— YOUR TASK —
Reproduce exactly the entries from the "- Using black" line to the end. Skip all pictures.

Saved entries:

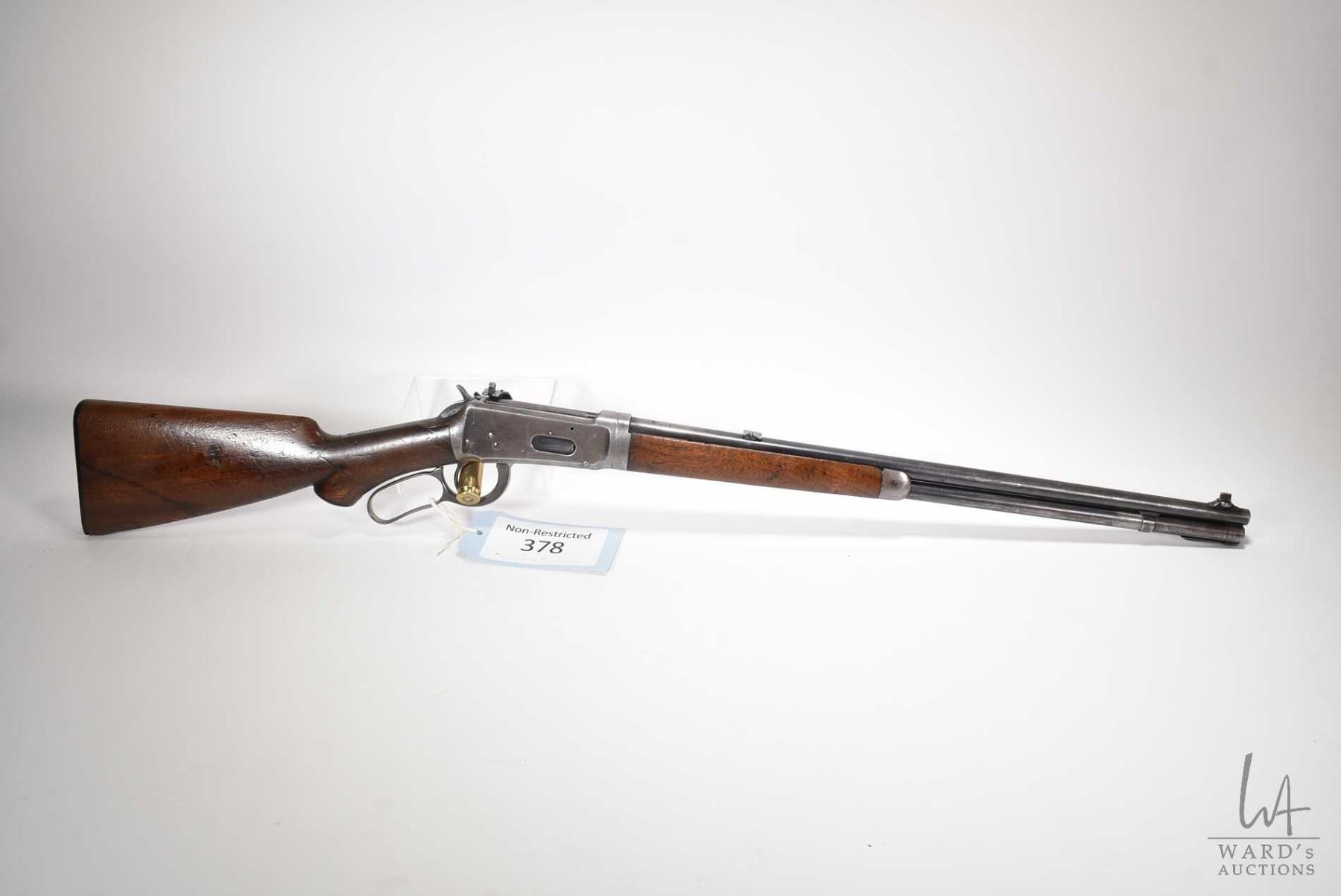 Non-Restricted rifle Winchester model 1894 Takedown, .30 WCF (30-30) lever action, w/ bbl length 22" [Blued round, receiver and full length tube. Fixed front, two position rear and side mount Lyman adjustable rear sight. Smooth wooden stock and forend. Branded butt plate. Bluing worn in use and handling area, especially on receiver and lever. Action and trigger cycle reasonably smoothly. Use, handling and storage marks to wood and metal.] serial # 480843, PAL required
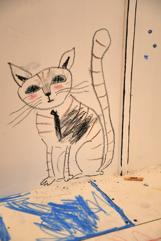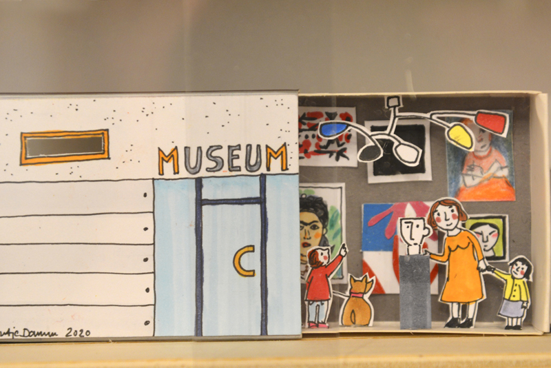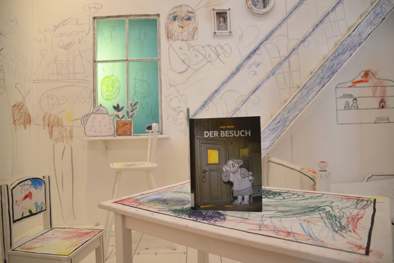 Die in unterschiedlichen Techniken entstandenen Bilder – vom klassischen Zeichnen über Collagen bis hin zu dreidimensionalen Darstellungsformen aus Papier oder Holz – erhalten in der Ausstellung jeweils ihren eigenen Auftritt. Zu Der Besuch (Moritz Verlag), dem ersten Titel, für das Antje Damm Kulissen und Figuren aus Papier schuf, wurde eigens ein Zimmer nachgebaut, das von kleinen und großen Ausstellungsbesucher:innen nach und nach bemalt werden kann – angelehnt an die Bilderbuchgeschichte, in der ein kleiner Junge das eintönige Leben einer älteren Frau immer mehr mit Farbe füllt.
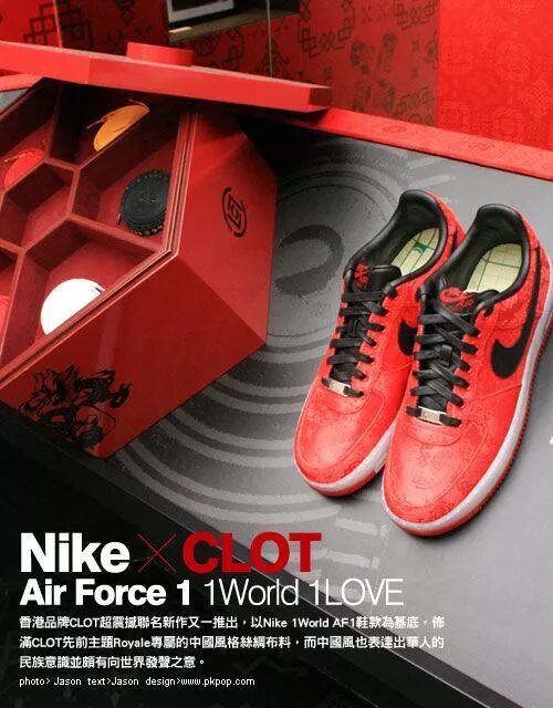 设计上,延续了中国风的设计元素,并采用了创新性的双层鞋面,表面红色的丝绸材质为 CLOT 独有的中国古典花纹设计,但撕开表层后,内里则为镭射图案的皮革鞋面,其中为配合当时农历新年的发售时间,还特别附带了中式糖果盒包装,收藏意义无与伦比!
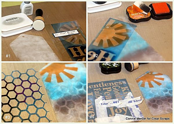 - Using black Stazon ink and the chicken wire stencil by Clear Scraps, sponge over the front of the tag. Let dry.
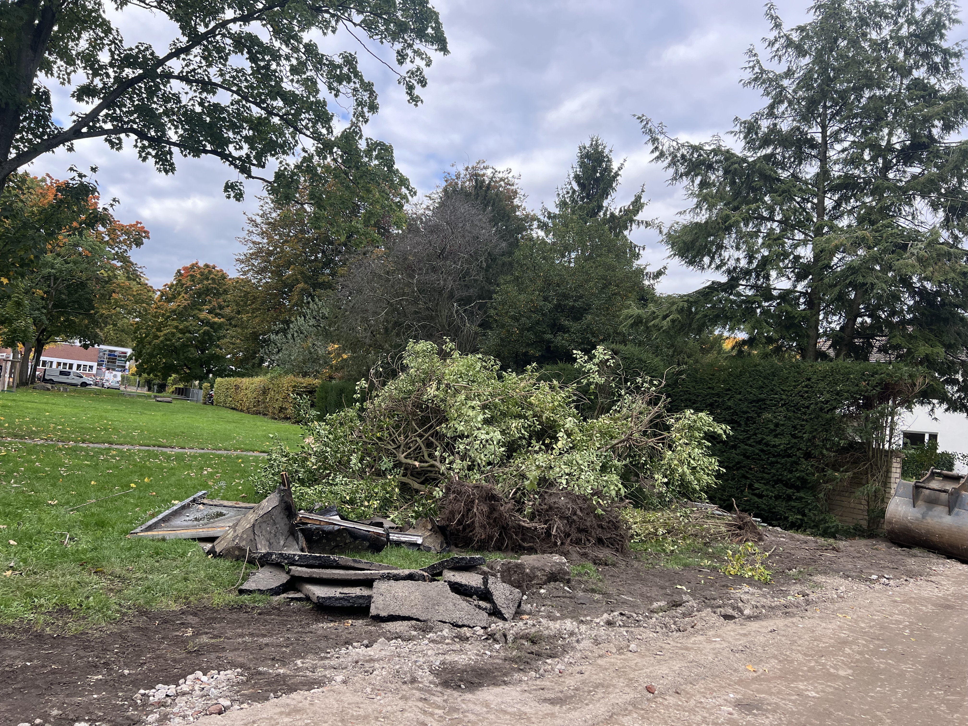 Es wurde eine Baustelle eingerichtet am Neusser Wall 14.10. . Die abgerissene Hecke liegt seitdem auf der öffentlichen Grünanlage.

— RESPONSE —
 - Using black Stazon ink and the chicken wire stencil by Clear Scraps, sponge over the front of the tag. Let dry.
 Es wurde eine Baustelle eingerichtet am Neusser Wall 14.10. . Die abgerissene Hecke liegt seitdem auf der öffentlichen Grünanlage.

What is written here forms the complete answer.